=== SOURCE DATA ===

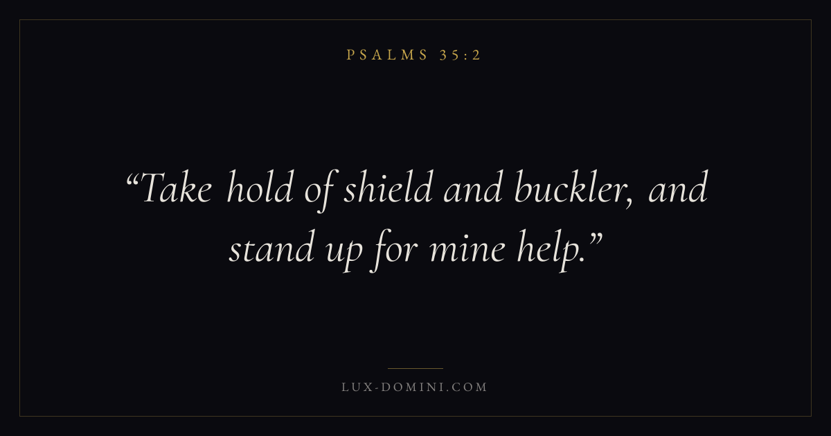 Books / Psalms / Chapter 35 / Verse 2 ← Psalms 35:1 Psalms 35:2 Psalms 35:3 → Take hold of shield and buckler, and stand up for mine help. Download verse card Share on Twitter Share on Facebook Pin it ✦ Key themes FaithPrayerPraiseLament Read with Hebrews 11:1Romans 10:17Matthew 6:9Luke 18:1 Related topics Bible verses about faithBible verses about prayerBible verses about thankfulness and gratitudeBible verses about grief and loss ✦ Psalms Chapter 35 verses V. 1 V. 2 V. 3 V. 4 V. 5 V. 6 V. 7 V. 8 V. 9 V. 10 V. 11 V. 12 V. 13 V. 14 V. 15 V. 16 V. 17 V. 18 V. 19 V. 20 V. 21 V. 22 V. 23 V. 24 V. 25 V. 26 V. 27 V. 28
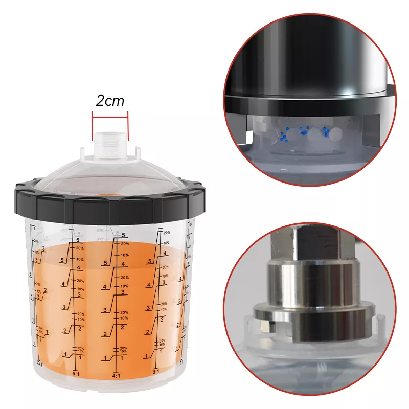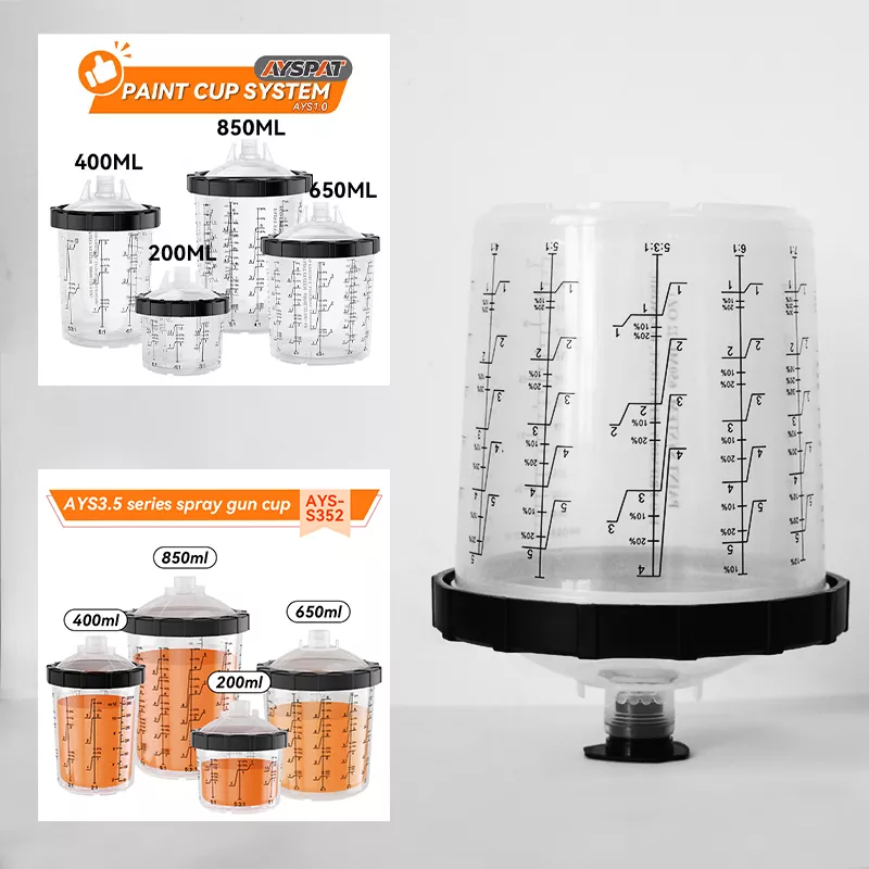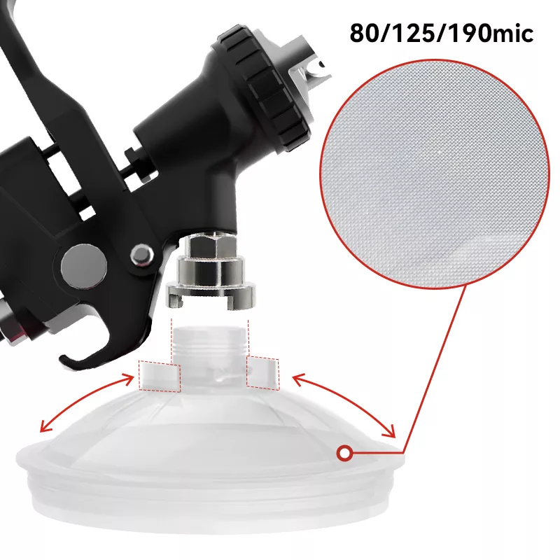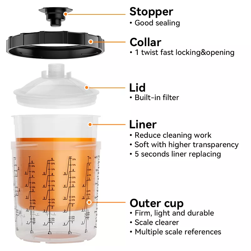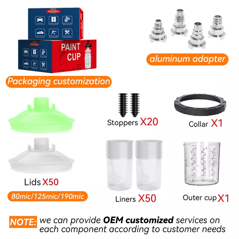 650ML Speedy Paint System 2.0 on uudenlainen kertakäyttöinen spraymaalikuppijärjestelmä. Yksi laatikko sisältää [1 ulompi kuppi + 1 kaulus + 50 sisäosaa + 50 kantta + 20 tulppaa], joka tukee useita värivärejä yhdellä sovelluksella. Erilaisia maalin hiukkaskokoja varten on saatavilla suodatinverkkoja 80, 125 ja 190 mikrometrin kokoisina, joten voit valita sopivan suodattimen. Kertakäyttöinen spraymaalauskuppijärjestelmä voi toimia myös maalin sekoitus- ja säilytysyksikkönä, joten paperisuppiloita ja sekoituskuppeja ei enää tarvitse käyttää, sillä saavutetaan neljä toimintoa yhdessä: suodatus, sekoitus, ruiskutus ja maalin varastointi. Tästä syystä maalauksen harrastajat rakastavat tätä tuotetta niin paljon.
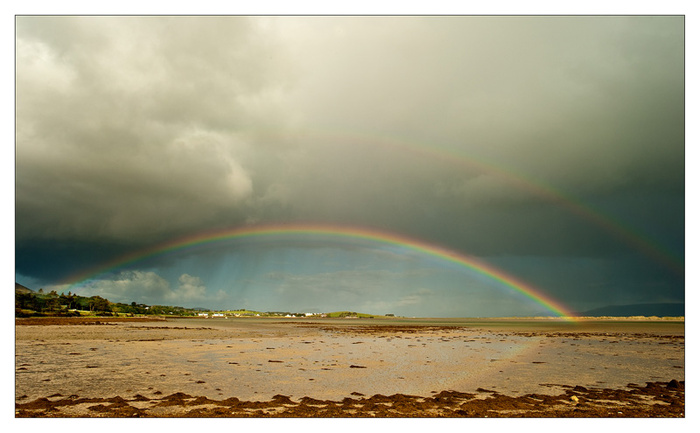 Here is an interesting picture taken at Murrisk, at the foot of Croagh Patrick a couple of months ago. The picture is of a rainbow, well ,there was actually a double rainbow you can only see part of the second one, but what I thing is interesting, given the symbolism of rainbows, is the way it looks like the rainbow is holding off the bad weather!! under the rainbow the sky is still blue!!
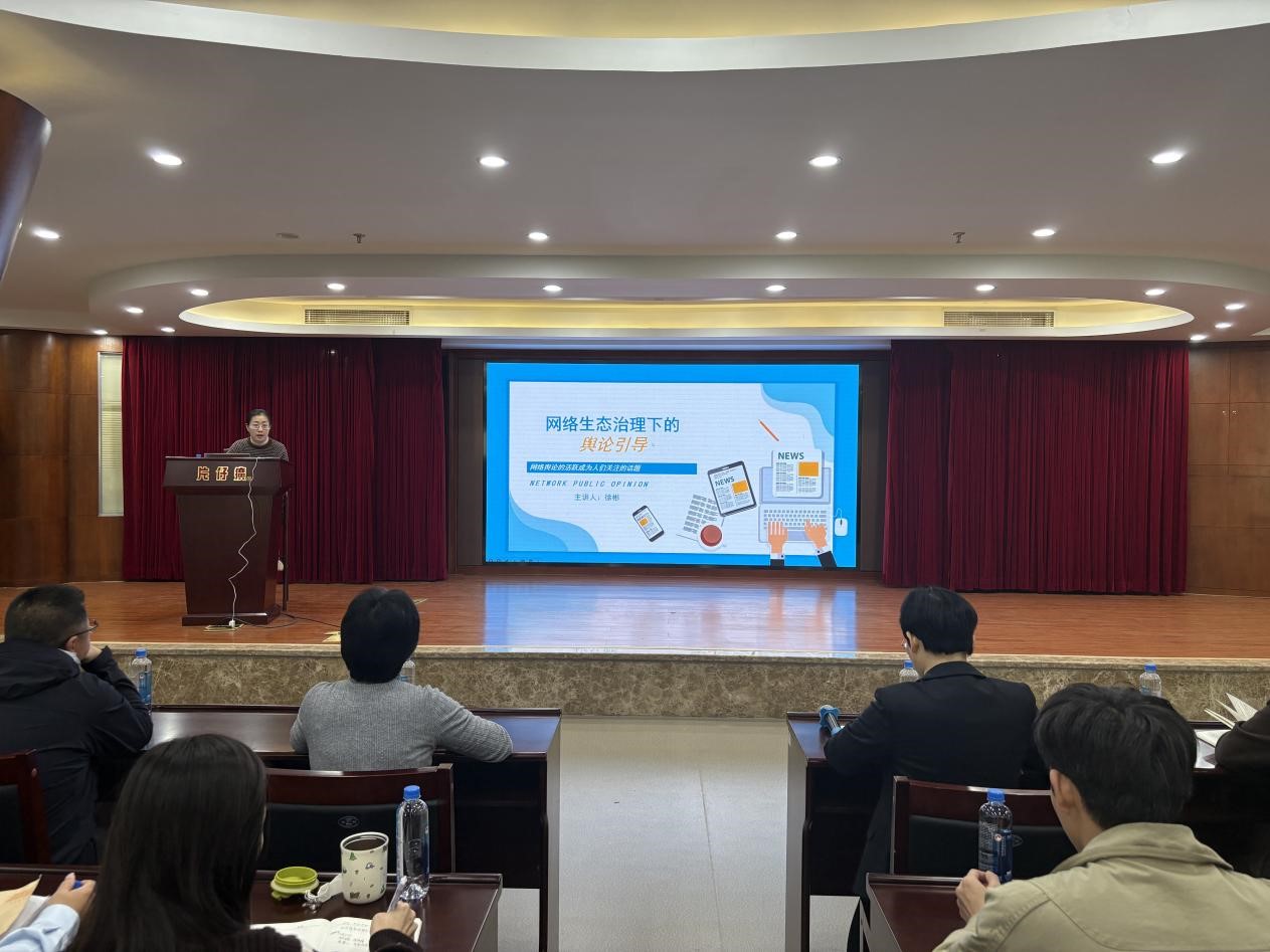 培训会上,徐彬以《网络生态治理下的舆论引导》为题,围绕当前网络生态治理的新形势展开深入解读。授课内容紧扣“什么是舆论”“什么是舆论引导”“舆论引导核心要素”“宣传人员的作用及任务”等核心内容,既从理论层面厘清了意识形态与舆论引导的核心概念,又结合具体实践案例传授了网络舆论引导的实操方法,为参训人员搭建起系统的知识框架。
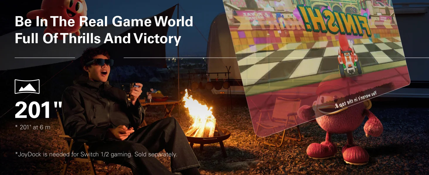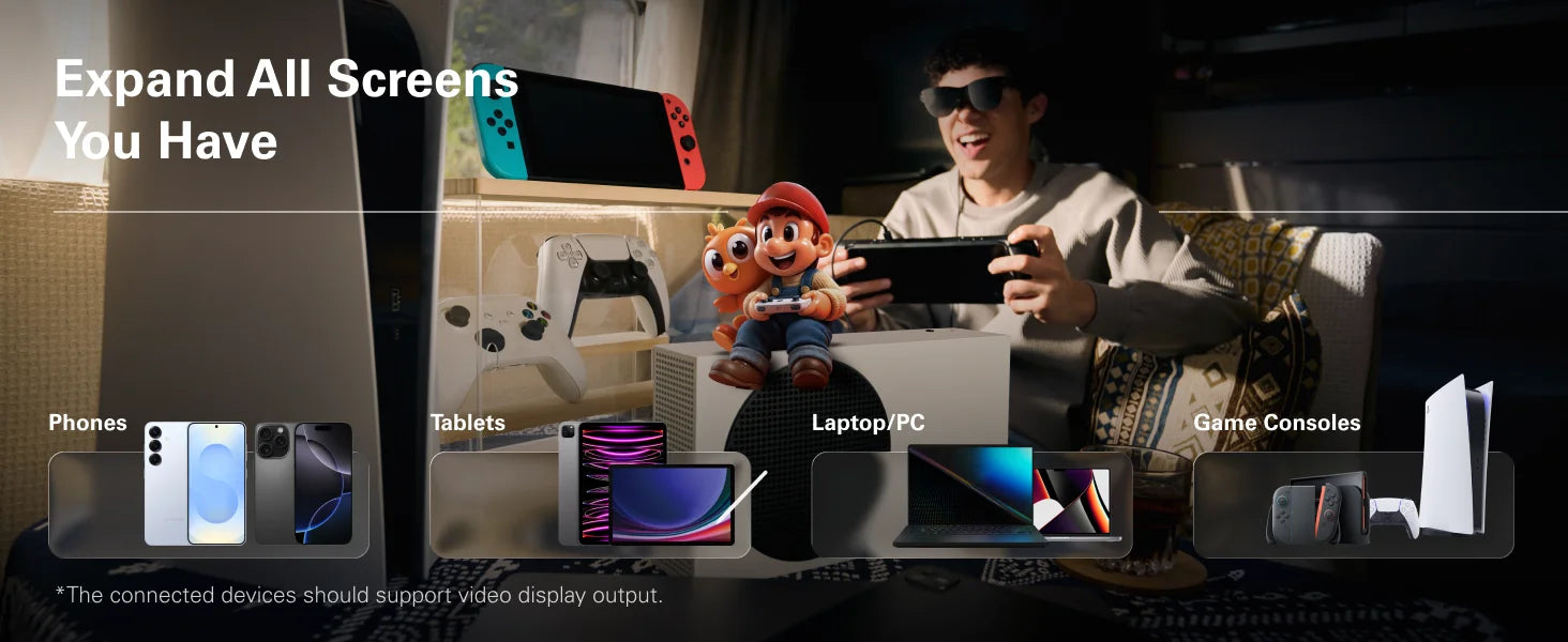 [Wide Compatibility โ Plug & Play Across Platforms] Connect instantly to iOS/Android (DisplayPort supported), Nintendo Switch/Switch 2 (via JoyDock), PCs/PS5/Xbox via HDMI to glasses and charging adapter, and more. Optional USB-C to glasses adapter is perfect for nonstop viewing or gaming. (*Accessories sold separately)
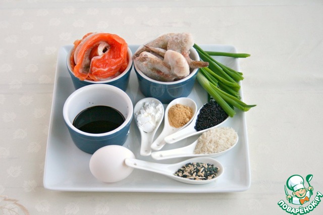 Ингредиенты для «Рисовые шарики с морепродуктами "Белое-черное"»:
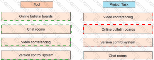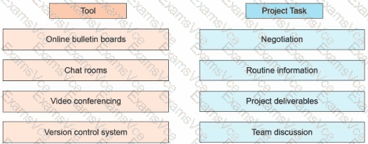 An agile team is geographically separated across multiple continents, and the project manager is in the process of identifying the tools to manage the communication among the virtual teams. Drag the appropriate tool on the left to each project task on the right.
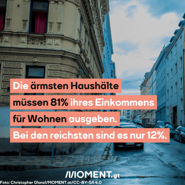 Das geht aus einer Berechnung des Momentum Instituts hervor. Herangezogen wurden dafür Daten aus 2020 - die Situation droht also, sich wegen der aktuellen Teuerung deutlich zu verschärfen. Berücksichtigt wurden dafür alle Kosten, die mit Wohnen zusammenhängen: Miete, Betriebskosten, Energie, Wasser, Kredite und Instandhaltung.

===

- **TASK GOAL**:
Repeat exactly, and only, the entries from the line with "[Wide Compatibility โ" through the line with "An agile team". Pictures are skipped.

- **EXERCISE ANSWER**:
 [Wide Compatibility โ Plug & Play Across Platforms] Connect instantly to iOS/Android (DisplayPort supported), Nintendo Switch/Switch 2 (via JoyDock), PCs/PS5/Xbox via HDMI to glasses and charging adapter, and more. Optional USB-C to glasses adapter is perfect for nonstop viewing or gaming. (*Accessories sold separately)
 Ингредиенты для «Рисовые шарики с морепродуктами "Белое-черное"»:
 An agile team is geographically separated across multiple continents, and the project manager is in the process of identifying the tools to manage the communication among the virtual teams. Drag the appropriate tool on the left to each project task on the right.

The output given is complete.